Some traditional granolas can contain surprisingly high amounts of sugar, with some estimates suggesting levels comparable to dessert items. Given this, how healthy is Jordan's granola, and which of their varieties, like the 'No Added Sugar' line, best aligns with a balanced diet?

Quick Summary

Examine the nutritional content of Jordan's granola varieties, comparing sugar, fibre, and fat levels across popular options like Simply Granola and the No Added Sugar range. Understand the key differences and learn how to choose the healthiest option for your diet.

Key Points

  • Choose 'No Added Sugar' (NAS) varieties: Jordan's NAS granolas are significantly lower in sugar compared to their traditional counterparts.

  • Benefit from high fibre: Whole grain oats in Jordan's granolas, particularly the NAS range, are an excellent source of dietary fibre for digestive health and satiety.

  • Mindful portion control is vital: Granola is calorie-dense; sticking to the recommended serving size is crucial for managing calorie intake.

  • Look for natural ingredients: Jordan's granolas contain no artificial colours, flavours, or preservatives, focusing on wholesome components.

  • Lower cholesterol naturally: The oat beta-glucan present in Jordan's granolas and porridges can help lower cholesterol as part of a healthy diet.

  • Pair smartly for balance: Combine a smaller portion of granola with protein-rich foods like Greek yoghurt to create a more balanced and filling meal.

In This Article

For decades, granola has been marketed as a staple of a wholesome, healthy breakfast. With its toasted oats, nuts, seeds, and fruits, it appears to be an ideal way to start the day. However, a closer look at many store-bought options reveals a surprisingly high calorie and sugar count. Jordan's Cereals offers a wide range of granola products, and understanding the specific nutritional profiles of each is key to making an informed choice.
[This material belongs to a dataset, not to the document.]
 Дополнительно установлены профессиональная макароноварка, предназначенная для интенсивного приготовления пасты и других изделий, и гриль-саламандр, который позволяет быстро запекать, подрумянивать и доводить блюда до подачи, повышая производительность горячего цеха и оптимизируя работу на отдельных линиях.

This guide provides a comprehensive overview of how healthy is Jordan's granola, comparing key varieties to help you decide what's best for your nutritional needs.

The Nutritional Profile of Jordan's Granola

Jordan's commitment to using natural ingredients free from artificial flavours, colours, and preservatives is a significant positive. The core ingredient across most of their granolas is whole grain oats, which are an excellent source of fibre, including beta-glucan, known for its cholesterol-lowering properties. This gives Jordan's a strong foundational benefit. However, the overall nutritional balance—particularly the sugar and fat content—varies considerably depending on the specific product.
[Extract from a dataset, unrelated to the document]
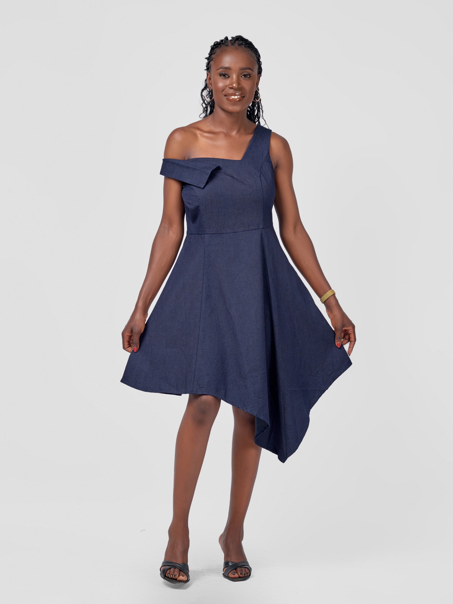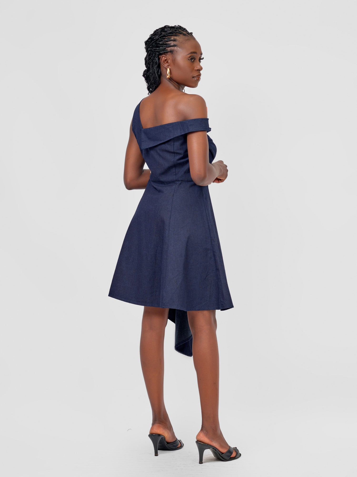 This off-shoulder, asymmetrical dress in dark denim fabric has a modern, elegant design with one shoulder strap. It falls to knee length with a unique draped hemline, blending a timeless denim look with contemporary flair.

Sugar Content: A Critical Comparison

The most significant factor differentiating Jordan's granola varieties is the sugar content. The 'Simply Granola with a Hint of Honey' provides about 17g of sugar per 100g serving, making it a medium-sugar option. In contrast, the 'No Added Sugar' (NAS) varieties, such as Triple Nut, drastically reduce this, offering only around 9.5g of sugar per 100g, derived primarily from dried fruit and other natural ingredients. For those monitoring their sugar intake, the NAS range is a clear winner. Even within the standard range, options like Raisin & Almond can have higher sugar due to the inclusion of dried fruits.

Fibre and Protein: The Benefits of Wholesome Oats

Fibre is a crucial component for digestive health and helps you feel full for longer, which can aid in weight management. Jordan's granolas, particularly the NAS range, excel in this area. For example, the Triple Nut NAS boasts a high fibre content of 18g per 100g. Protein content is also a notable aspect, especially in the nut-heavy varieties, which provide a valuable boost to muscle synthesis and satiety. The whole grain oats contribute significantly to this, providing a balanced source of plant-based protein.
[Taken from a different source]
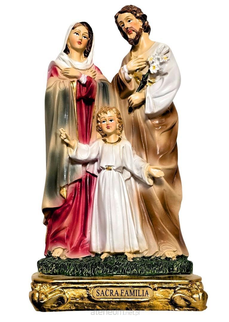 Odkryj głębię symboliki i ciepło rodzinnego wizerunku w tej uroczej figurce Świętej Rodziny. Jezus, z otwartymi ramionami i symbolicznym ułożeniem palców, przypomina o swojej dwoistej naturze. Maryja, ze złożonymi na sercu dłońmi, wyraża miłość i oddanie. Święty Józef, trzymający lilię, symbolizuje czystość i opiekę. Cała scena, umieszczona na podeście z napisem "Sacra Familia", emanuje spokojem i harmonią. Figurka o wysokości 22cm, wykonana z trwałej żywicy syntetycznej, stanowi wyjątkowy element dekoracyjny i duchowy akcent w każdym domu.

Granola Variety Breakdown: Simply vs. No Added Sugar

To better understand the differences, here is a breakdown of the nutritional focuses of Jordan's two main product lines:

  • Simply Granola: A classic, toasted granola that often includes honey for sweetness. It's a satisfying option but comes with a higher sugar load than other varieties. It provides a good source of fibre and minerals.
  • No Added Sugar (NAS) Granola: This range is designed for the health-conscious consumer. Sweetness comes from fruits like dates and berries, and it's free from added sugar. The Triple Nut version, for instance, is not only low in added sugar but also provides excellent fibre and protein from its nut content.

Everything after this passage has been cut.